Task> Keep the images out while you retype all of the data exactly.

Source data
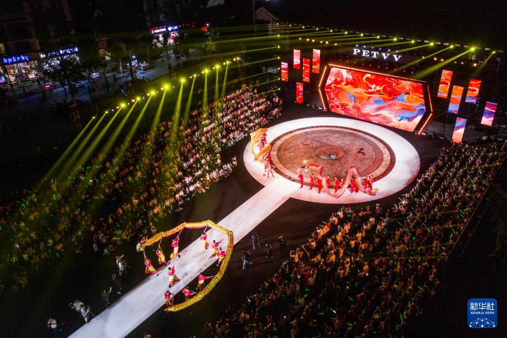 这是5月7日在古镇音乐时装秀上拍摄的传统舞龙表演(无人机照片)。
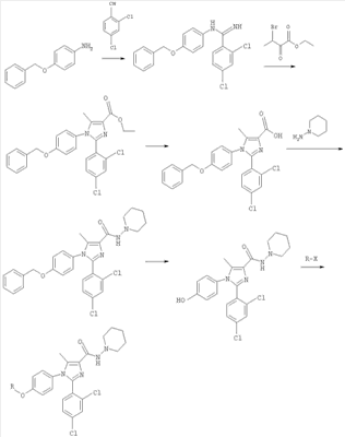 Настоящее изобретение относится к соединениям формулы I, где R1 представляет собой группу R5S(O)2O, в которой R5 представляет собой группу C1-10алкил, возможно замещенную одним или более чем одним фторо; R2a и R2b представляют собой Н или хлоро; R3 представляет собой группу CONHNR7R8, в которой NR7R8 представляет собой пиперидин-1-ил, и R4 представляет собой группу C1-3алкил, и его фармацевтически приемлемые соли. Также изобретение относится к фармацевтической композиции на основе соединения формулы I и применению соединения формулы I в изготовлении лекарств, обладающих активностью в отношении рецептора СВ1. Технический результат: получены новые производные имидазола, обладающие полезными биологическими свойствами. 4 н. и 12 з.п. ф-лы.
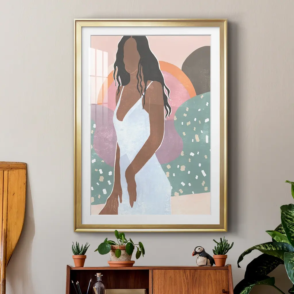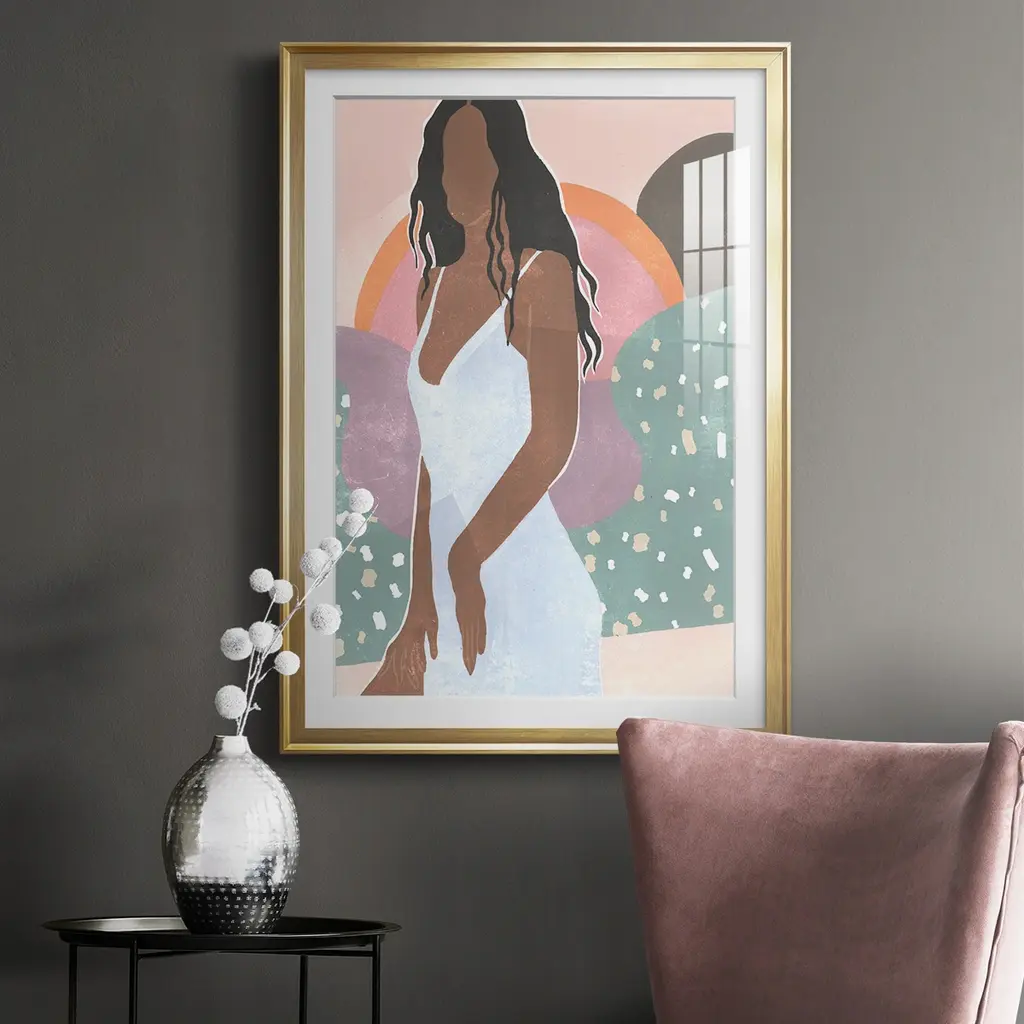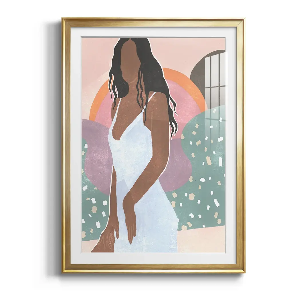 Curly Lady I Premium Framed Print - Ready to Hang A Premium Framed Print created to last. Framed in distressed wood and available in an array of sizes and colors Featuring a beveled a solid wood stretcher bar, each piece comes ready to hand 4 SIZES AVAILABLE 30.5''X42.5'' - Overall Size 26.5'X36.5'' - Overall Size 22.5''x30.5'' - Overall Size 18.5''x24.5'' - Overall Size Each piece is made to order. Each piece comes with hanging hardware. Made in the USA Ready to Hang Giclee Paper Print Acrylic Glass Beveled Matt Board
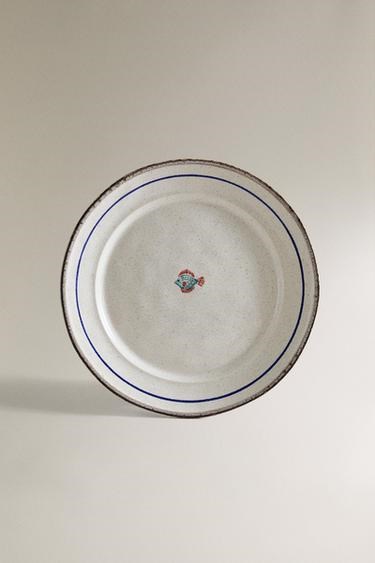 Zara Home Прочная керамическая тарелка для ужина с рыбным узором в центре
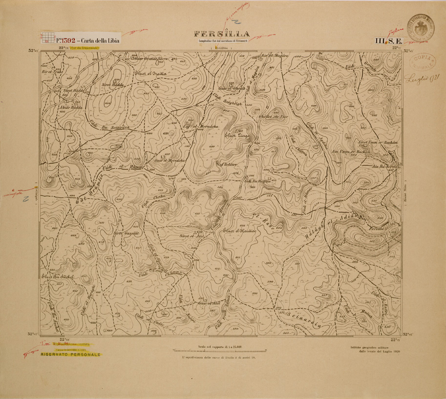 "Cirenaica 1:25.000, monocolore a penna su carta da disegno. Ingrandimento dai rilievi al 50.000 fatti per il 100.000"

Exercise solution>
 这是5月7日在古镇音乐时装秀上拍摄的传统舞龙表演(无人机照片)。
 Настоящее изобретение относится к соединениям формулы I, где R1 представляет собой группу R5S(O)2O, в которой R5 представляет собой группу C1-10алкил, возможно замещенную одним или более чем одним фторо; R2a и R2b представляют собой Н или хлоро; R3 представляет собой группу CONHNR7R8, в которой NR7R8 представляет собой пиперидин-1-ил, и R4 представляет собой группу C1-3алкил, и его фармацевтически приемлемые соли. Также изобретение относится к фармацевтической композиции на основе соединения формулы I и применению соединения формулы I в изготовлении лекарств, обладающих активностью в отношении рецептора СВ1. Технический результат: получены новые производные имидазола, обладающие полезными биологическими свойствами. 4 н. и 12 з.п. ф-лы.
 Curly Lady I Premium Framed Print - Ready to Hang A Premium Framed Print created to last. Framed in distressed wood and available in an array of sizes and colors Featuring a beveled a solid wood stretcher bar, each piece comes ready to hand 4 SIZES AVAILABLE 30.5''X42.5'' - Overall Size 26.5'X36.5'' - Overall Size 22.5''x30.5'' - Overall Size 18.5''x24.5'' - Overall Size Each piece is made to order. Each piece comes with hanging hardware. Made in the USA Ready to Hang Giclee Paper Print Acrylic Glass Beveled Matt Board
 Zara Home Прочная керамическая тарелка для ужина с рыбным узором в центре
 "Cirenaica 1:25.000, monocolore a penna su carta da disegno. Ingrandimento dai rilievi al 50.000 fatti per il 100.000"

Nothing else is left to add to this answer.